◆ WHAT YOU ARE ASKED TO DO
Output the data below only from the line containing "Visual Impact Simulation of Proposed Turbines" up to and including the line containing "Kousa dogwood ( Cornus kousa Hance)", exact and with the pictures left out.

◆ EXERCISE DATA
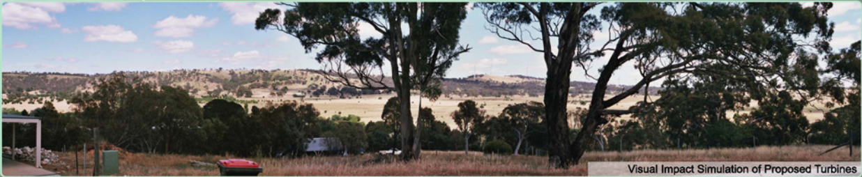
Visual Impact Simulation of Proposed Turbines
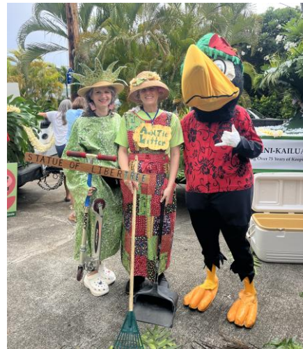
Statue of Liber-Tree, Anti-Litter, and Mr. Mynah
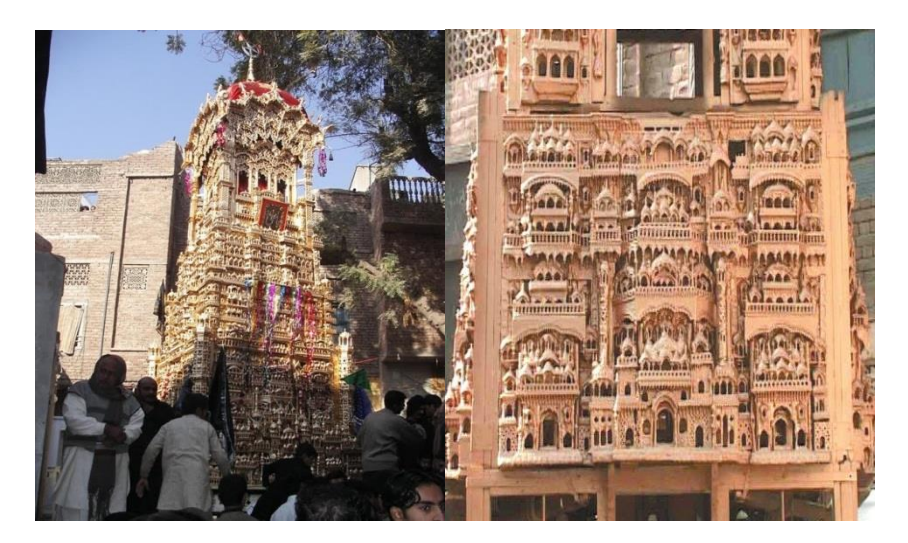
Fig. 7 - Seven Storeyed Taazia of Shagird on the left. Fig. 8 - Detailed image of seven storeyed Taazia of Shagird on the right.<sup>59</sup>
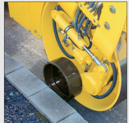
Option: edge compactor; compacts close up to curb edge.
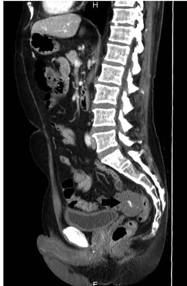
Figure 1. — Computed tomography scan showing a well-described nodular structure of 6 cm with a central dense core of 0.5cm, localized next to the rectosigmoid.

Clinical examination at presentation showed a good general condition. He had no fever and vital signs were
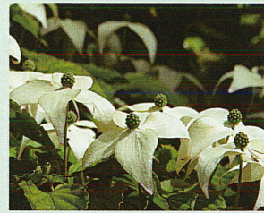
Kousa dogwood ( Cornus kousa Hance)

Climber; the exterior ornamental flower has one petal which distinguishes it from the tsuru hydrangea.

==

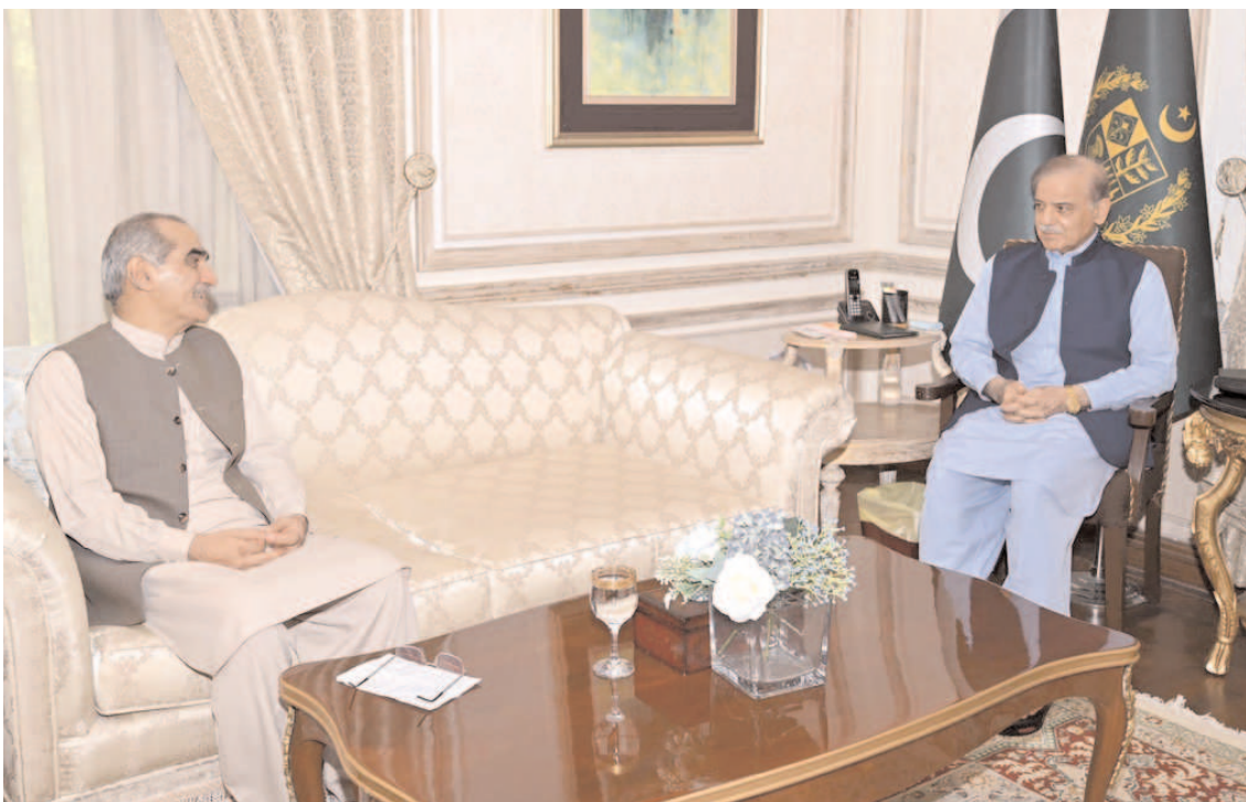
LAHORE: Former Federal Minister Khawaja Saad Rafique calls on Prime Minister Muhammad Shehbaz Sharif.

◆ FINISHED TASK
Visual Impact Simulation of Proposed Turbines
Statue of Liber-Tree, Anti-Litter, and Mr. Mynah
Fig. 7 - Seven Storeyed Taazia of Shagird on the left. Fig. 8 - Detailed image of seven storeyed Taazia of Shagird on the right.<sup>59</sup>
Option: edge compactor; compacts close up to curb edge.
Figure 1. — Computed tomography scan showing a well-described nodular structure of 6 cm with a central dense core of 0.5cm, localized next to the rectosigmoid.

Clinical examination at presentation showed a good general condition. He had no fever and vital signs were
Kousa dogwood ( Cornus kousa Hance)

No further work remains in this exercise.